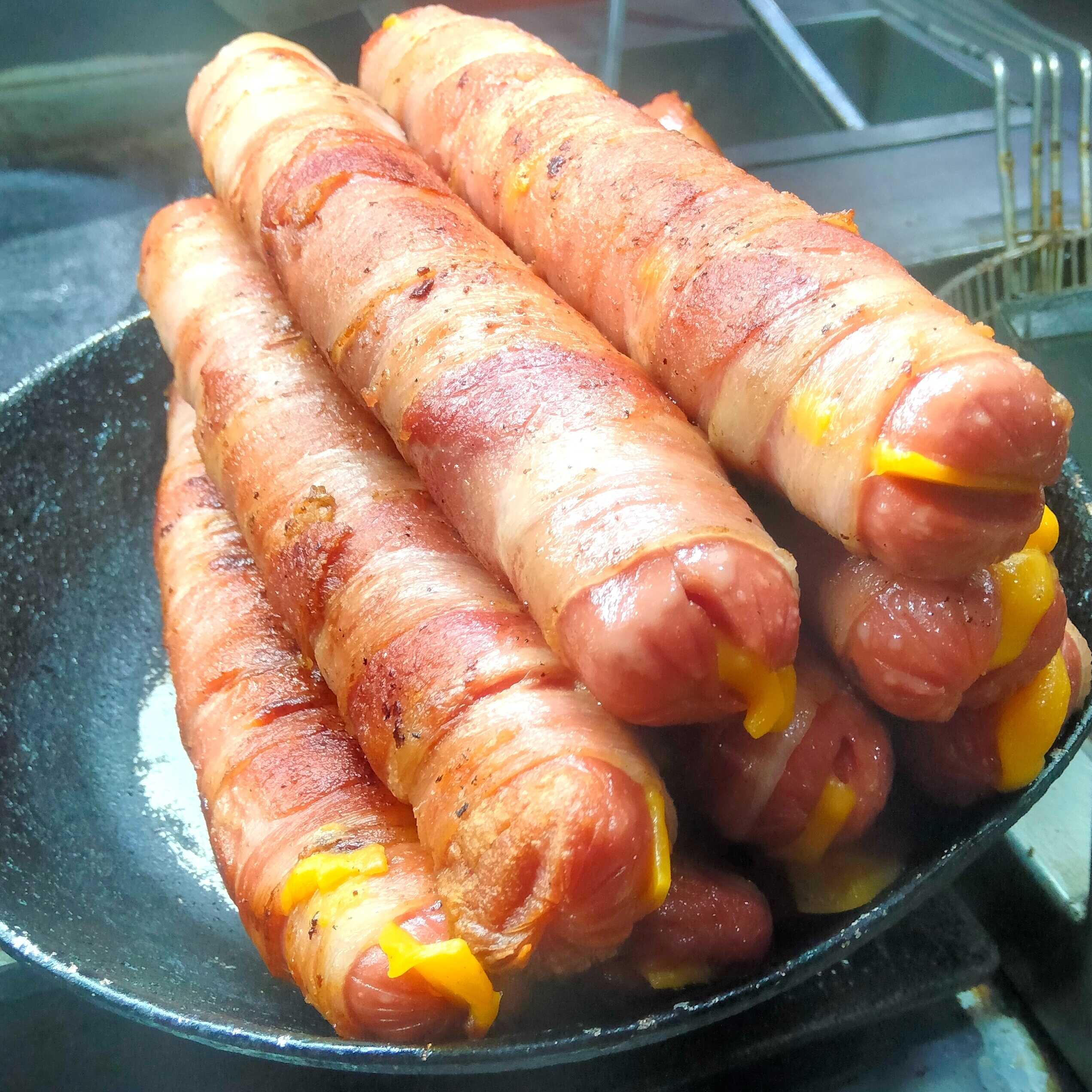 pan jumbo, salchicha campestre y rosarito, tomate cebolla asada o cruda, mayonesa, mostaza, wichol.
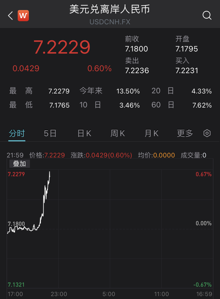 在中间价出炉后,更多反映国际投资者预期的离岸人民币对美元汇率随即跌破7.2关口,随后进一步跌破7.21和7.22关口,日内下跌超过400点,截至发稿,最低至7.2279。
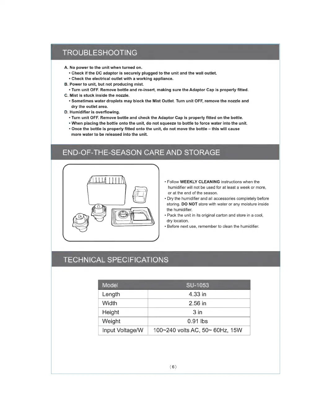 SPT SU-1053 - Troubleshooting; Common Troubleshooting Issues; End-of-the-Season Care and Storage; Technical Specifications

● ● ● ● ●

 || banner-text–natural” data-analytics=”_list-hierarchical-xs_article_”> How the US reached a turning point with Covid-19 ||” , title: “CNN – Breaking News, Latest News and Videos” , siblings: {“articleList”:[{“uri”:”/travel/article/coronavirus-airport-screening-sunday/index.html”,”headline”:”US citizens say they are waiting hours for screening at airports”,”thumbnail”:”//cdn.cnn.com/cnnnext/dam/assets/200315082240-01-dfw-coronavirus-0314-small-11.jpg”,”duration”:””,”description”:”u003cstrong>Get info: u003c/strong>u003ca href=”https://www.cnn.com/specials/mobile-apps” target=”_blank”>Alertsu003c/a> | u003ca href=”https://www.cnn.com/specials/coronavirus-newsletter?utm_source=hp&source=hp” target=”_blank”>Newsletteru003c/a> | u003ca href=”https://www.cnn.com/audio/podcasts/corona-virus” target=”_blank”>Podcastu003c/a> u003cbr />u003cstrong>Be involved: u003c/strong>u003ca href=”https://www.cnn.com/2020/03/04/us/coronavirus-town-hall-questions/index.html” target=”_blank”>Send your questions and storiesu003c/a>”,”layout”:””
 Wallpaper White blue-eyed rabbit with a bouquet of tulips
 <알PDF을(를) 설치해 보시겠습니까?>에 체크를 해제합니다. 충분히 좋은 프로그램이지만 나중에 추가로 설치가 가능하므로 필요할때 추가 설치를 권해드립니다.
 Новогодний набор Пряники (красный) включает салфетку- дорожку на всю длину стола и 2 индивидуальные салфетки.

● ● ● ● ●

- **What you will do**: Starting with the line above that holds "pan jumbo, salchicha", restate each line word for word up to and including the line that holds "SPT SU-1053 - Troubleshooting;". Drop the pictures.

- **Solution to this exercise**:
 pan jumbo, salchicha campestre y rosarito, tomate cebolla asada o cruda, mayonesa, mostaza, wichol.
 在中间价出炉后,更多反映国际投资者预期的离岸人民币对美元汇率随即跌破7.2关口,随后进一步跌破7.21和7.22关口,日内下跌超过400点,截至发稿,最低至7.2279。
 SPT SU-1053 - Troubleshooting; Common Troubleshooting Issues; End-of-the-Season Care and Storage; Technical Specifications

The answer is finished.